Sin detenerme en otras versiones más recientes, ninguna de las cuales está a la altura del original, venga un lamento por esa gran oportunidad perdida que es Hook (El capitán Garfio), dirigida por Steven Spielberg en 1991, y que parte de una genial premisa. Esta consiste en imaginar que Peter Pan también marchó al mundo real y creció, olvidando por completo su pasado e integrándose como un ser humano cualquiera, mas el País de Nunca Jamás y sus habitantes no han podido prescindir de su presencia, de tal modo que su archienemigo, el capitán Garfio acaba secuestrando a los hijos del maduro Peter (ahora apellidado Banning) para forzarlo a regresar y obligarlo a aceptar su condición. Ahora bien, el modo en que esta idea se materializa no puede ser más trivial: un cántico conservador a la familia tradicional que convierte a Peter Banning es un ejecutivo agresivo sin tiempo para los suyos que descubrirá lo satisfactorio que es recuperar a sus hijos impresionándolos con una aventurilla en Nunca Jamás. Una auténtica pena el desperdicio de la idea de partida (que ya está en Barrie: en el capítulo V de Peter y Wendy se dice bien claro que Nunca Jamás revive con el regreso de su más carismático habitante), por mucho que deje bien claro el inagotable manantial de sugerencias que ofrece la inmortal creación del escritor escocés.

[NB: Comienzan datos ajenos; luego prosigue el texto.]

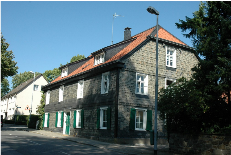
Hof Reckmann (Stadt Essen Baudenkmal Nummer 178,) Corneliusstraße 78, Essen Kettwig
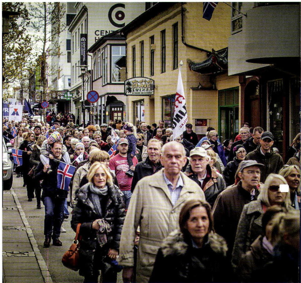
Gengið niður Laugaveginn 1. maí 2014.

Fjórða hópnun er ætlað að annast útfærslu á nýju kerfi og þar með meta hvaða
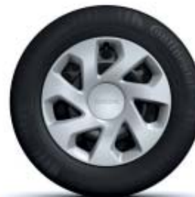
ENJOLIVEUR 15" GROOMY
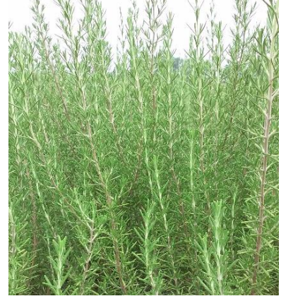
Şekil 3.13. DED-10 klonu yaprak-dal görünümü
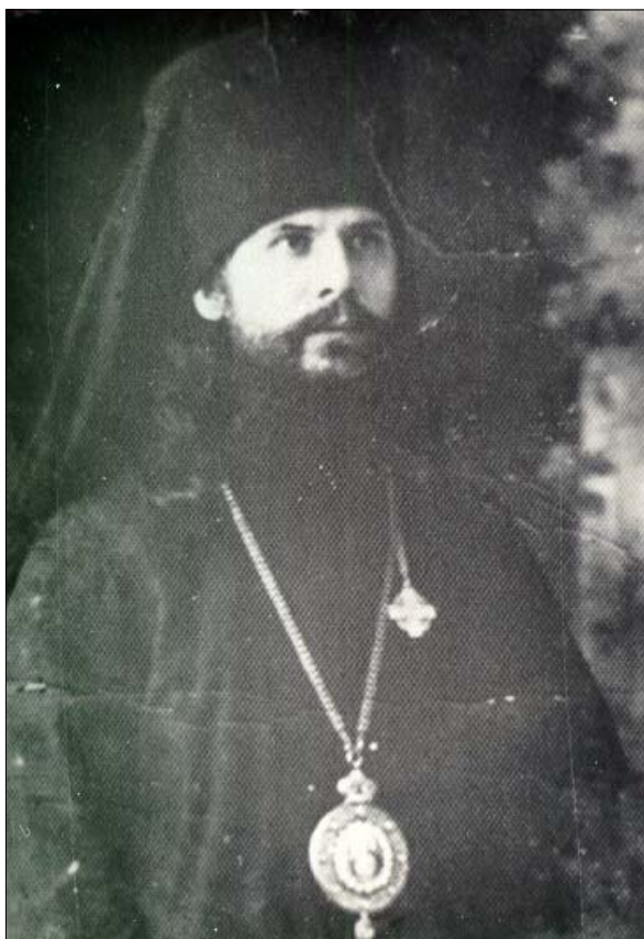
Епископ Августин (б. протоиерей А. А. Беляев) расстрелян в 1937 г. в Калуге
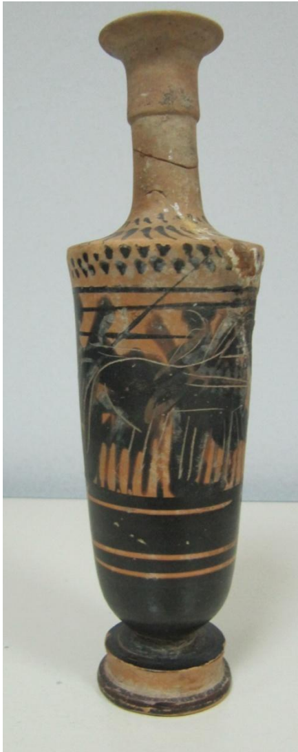
Εικόνα 131: Λήκυθος ΜΑΙΤ 9179, αρ. κατ. 37.
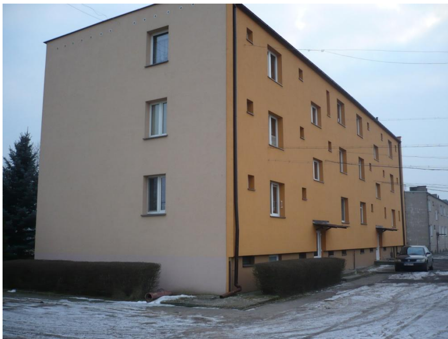
Wielorodzinny budynek mieszkalny – termoizolacja
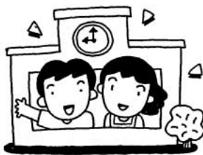
勉強に集中できる環境を

エアコン設置する事は、環境負荷や財源上多額の費用がかかるため全教室の予定はないが、まずは図書室や音楽室等一部の特別教室の設置を進め、国や近隣団体の動向を注視していきたいと考えています。
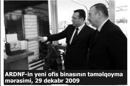
ARDNF-in yeni ofis binasının təmələqoyma mərasimi, 29 dekabr 2009
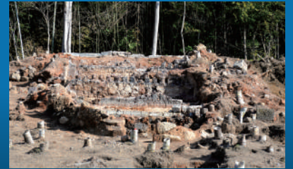
扇形連房式登窯跡 (平佐焼窯跡群: 薩摩川内市)
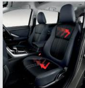
Dual Tone Synthetic Leather Seat with Heat Guard*
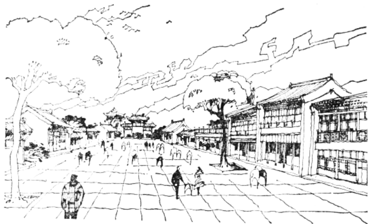
蓟县城内的渔阳古街

蓟县不仅历史悠久，而且具有光荣的革命传统。抗日战争时期，英雄的蓟县人民在共产党领导下，参加了震惊中外的冀东大暴动，开创了著名的盘山抗日根据地。

1 Vuelvo a señalar que, del vasto número de traducciones existentes en el mercado español, destaco tres: la de Mauro Armiño para Valdemar (la más bonita, por la calidad de sus ilustraciones), la de Ana Belén Ramos y Javier Fernández para Cátedra (la más completa, puesto que incluye las distintas versiones comentadas a lo largo de este artículo, aparte de un magnífico estudio previo), y la de Nazaret de Terán Bleiberg para Alianza (mi favorita, porque es la que posee mayor belleza literaria).
No conocia la genesis del personaje al haberme acercado a él desde la novela que ya conocemos, y de ahí, a las diversas versiones (bueno, no tanto porque mi primera versión fue, como la de muchos, la de Disney), y me ha sorprendido el papel de Peter llevándose las almas de los muertos..Como curiosidad, Los Iniciados compusieron una canción sobre él en el que hacen referencia directa a este cometido.
El proceso de creación de Peter Pan es de lo más curioso. Yo lo descubrí a través de la edición de Cátedra, que es la que contiene la práctica totalidad de las versiones, y luego el libro de Silvia Herreros «Todos crecen menos Peter», que es un magnífico análisis del mismo. ¡Buscaré esa canción de Los Iniciados!